TimkenSteel purchased material from a related party for approximately $0.6 million and $1.4 million during the first three months of 2014 and 2013, respectively. In addition, certain of TimkenSteel’s third-party service providers are paid by Timken on behalf of TimkenSteel. TimkenSteel subsequently reimburses Timken for such payments in cash. TimkenSteel recorded payables due to Timken and its businesses relating to the above transactions totaling $21.0 million and $17.7 million as of March 31, 2014 and December 31, 2013, respectively.

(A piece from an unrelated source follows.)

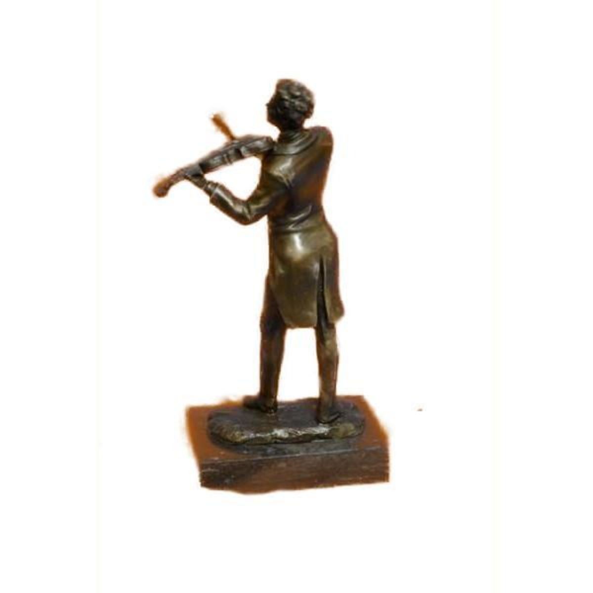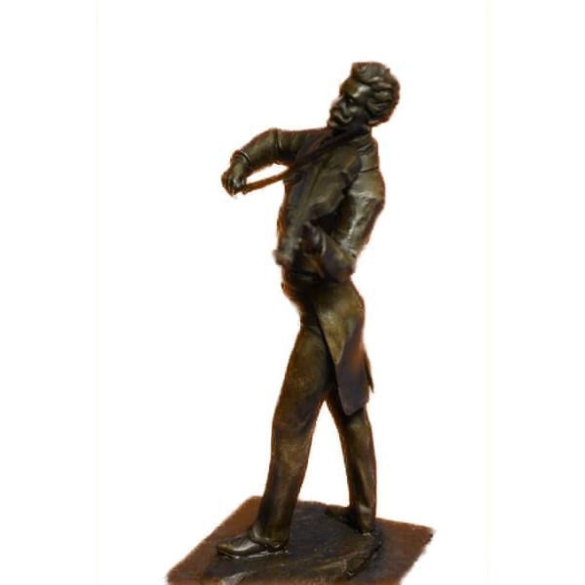 This 100% bronze sculpture honors the memory of Austrian composer Johann Strauss I (1804-1849). He was one of Europe's leading conductors and composers of over 300 works of dance music and establishing his reputation as a composer of Viennese waltzes. Not only fathering music he bore a son, J. Strauss jr.(October 25, 1825 – June 3, 1899), who carried his name and musical talent. He is brilliantly cast in his elegant likeness. His face is cast down as he enigmatically smiles upon his musings. He sports an evening coat and a finely detailed bow tie. His bronze plinth bears his eternal name. J. Strauss was cast using the archaic methods of lost-wax casting and finished with a brown patina stain. He keeps upon a black marble base with the artist Milo's signature. Condition: this sculpture is in perfect condition. Bronze dimensions with marble base:height 9" x width 4" Marble dimensions: 4" x 3". Height without base: 8" Weight : 4 lbs

Note 12 - Subsequent Events

The Unaudited Consolidated Financial Statements reflect management’s evaluation of subsequent events, through May 15, 2014, the date TimkenSteel’s Unaudited Consolidated Financial Statements were available to be issued.

Effective May 1, 2014, Timken-sponsored retirement and postretirement benefit plans were split between Timken and TimkenSteel in anticipation of the separation based on the ERISA prescribed calculations. Based on preliminary estimates, TimkenSteel expects to assume estimated gross US-based pension and postretirement obligations of $1.0 billion and $0.2 billion, respectively. In addition, anticipated assets to be transferred are expected to be $1.1 billion and $0.1 billion, respectively, for US-based pension and postretirement obligations.